I'm now engaged to someone else and we have a lovely life but I can't stop thinking of my ex.
This isn't just once in a blue moon..I think about him multiple times a day.
Places we went together..when I go I think of him.
I don't know if I still feelings for him or just wonder what we could have been.

What do I do ?
I dream about him a lot.
The last dream was he text me apologising for what he did and I woke up happy...then I remembered it was a dream.

God I sound nuts don't I
He treated me awful and I'm still pining

Do you think I still have feelings? Is this normal ?

OP posts:
seaUrchinOne · 25/06/2022 13:09

You have a healthy emotional connection with your current partner but don't have the sexual chemistry as strong as your ex? That's probably why you are thinking about him. Lustful relationships burn out out quickly when there isn't anything more substantial holding it together, I would envy anyone who finds both in a partner.

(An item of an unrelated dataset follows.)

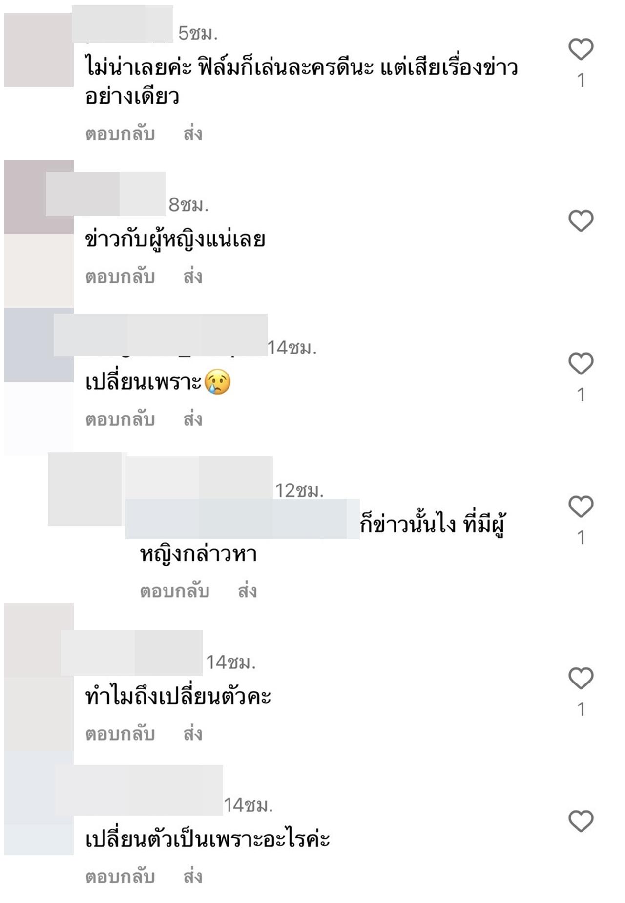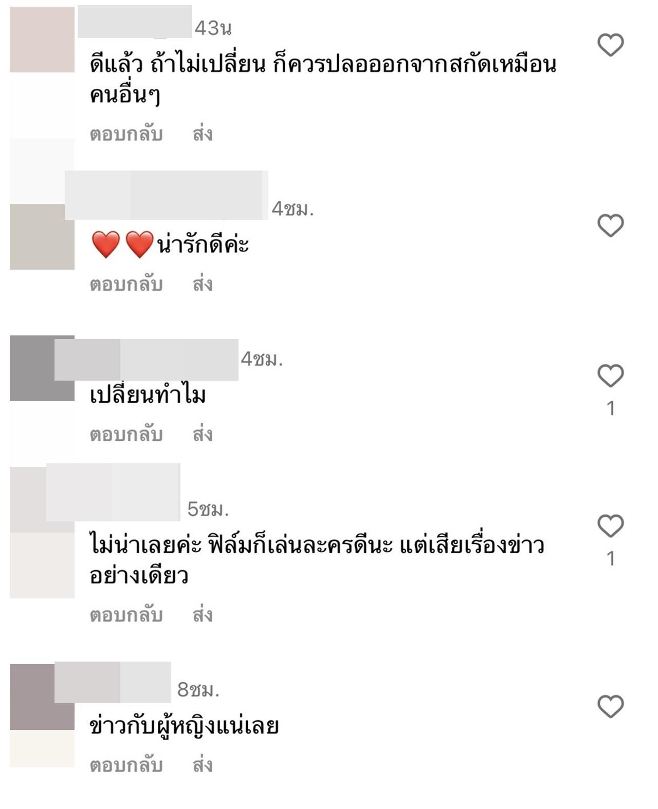 หลังจากที่โพสต์นี้ถูกเผยเเพร่ออกไป ก็มีชาวเน็ตเข้ามาคอมเมนต์มากมาย อาทิ "ดีแล้ว ถ้าไม่เปลี่ยน ก็ควรปลดออกจากสังกัดเหมือนคนอื่นๆ, เปลี่ยนทำไม, ไม่น่าเลยค่ะ ฟิล์มก็เล่นละครดีนะ แต่เสียเรื่องข่าวอย่างเดียว, ข่าวกับผู้หญิงแน่เลย, ทำไมถึงเปลี่ยนตัวคะ, ก็ข่าวนั้นไงที่มีผู้หญิงกล่าวหา"

There is a reason why he is an ex, and surely you need to remember that more, that it wasn't working, focus on what makes you happy.
Possibly it's a bit soon for an engagement? don't rush into marrying him just yet.

wellhelloitsme · 25/06/2022 14:25

greengreengrasss · 25/06/2022 13:01

@wellhelloitsme obviously I would be concerned and really hurt
I'm unable to control my thoughts

Would you want to go ahead with the marriage if you found that out?

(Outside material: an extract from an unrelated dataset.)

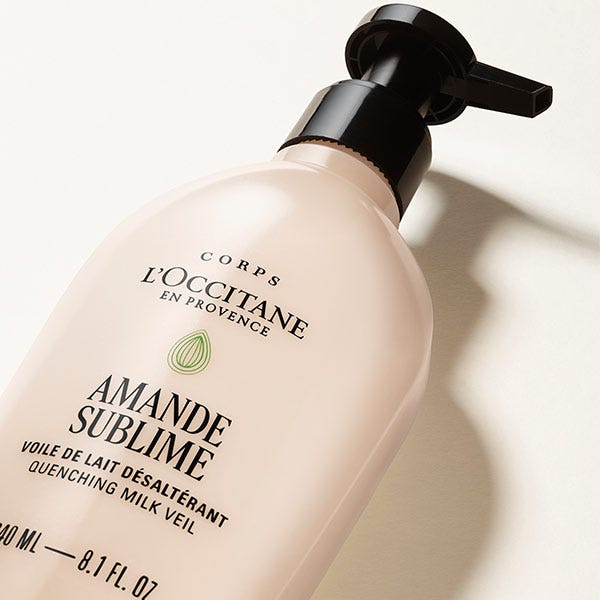 Su textura ligera se absorbe rápidamente y deja un delicado perfume de almendra fresca.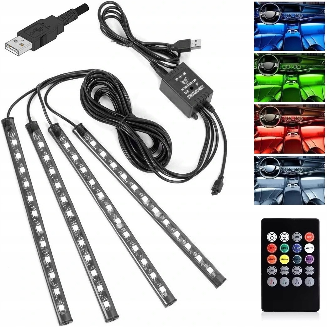✅Светодиодное внутреннее освещение, декоративная подсветка салона автомобиля, с USB-портом и инфракрасным пультом дистанционного управления

Because you're taking away your fiancé's right to make an informed decision.

If he wouldn't marry you if he knew that you thought constantly every day about your ex from a couple of years ago, then it's completely unfair to go through with the wedding.

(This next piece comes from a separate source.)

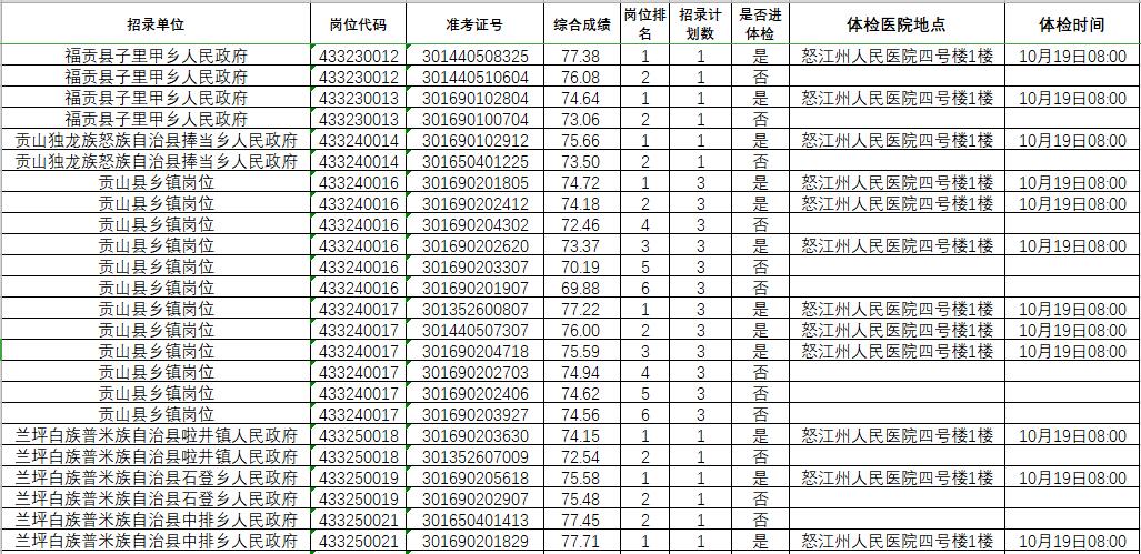 怒江州2020年度考試錄用公務(wù)員綜合成績及體檢人員名單公示

It would be genuinely cruel to do so OP.

I think you need to be single and have some therapy to explore why you're unable to move past this and potentially some ongoing treatment to stop what sound almost like intrusive thoughts.

Catlover1970 · 25/06/2022 15:29

I held a torch for my ex for years and met
up with him for a drink. I’d wasted years hankering after him but it was just a fantasy and when l got the chance to potentially get back with him I didnt want
him

shreddednips · 25/06/2022 15:38

Catlover1970 · 25/06/2022 15:29

I held a torch for my ex for years and met
up with him for a drink. I’d wasted years hankering after him but it was just a fantasy and when l got the chance to potentially get back with him I didnt want
him

Same, hankered for YEARS and we ended up back in touch- lots of intense zooming (he moved continents after the break up.) He came back to visit and came straight to see me from the airport. As soon as we saw each other in the flesh, I don't think either of us felt the same way any more. All the things I'd found exciting about him suddenly seemed dickish. We did actually get drunk and shag each other, and that was awful too. We've completely lost touch now.

What I'm saying is, you've put your ex on a pedestal- it's easy to forget what a twat someone is and remember the exciting bits, especially when the relationship ends suddenly and you don't really have closure. I think you need some time on your own to process this before you commit to someone else really.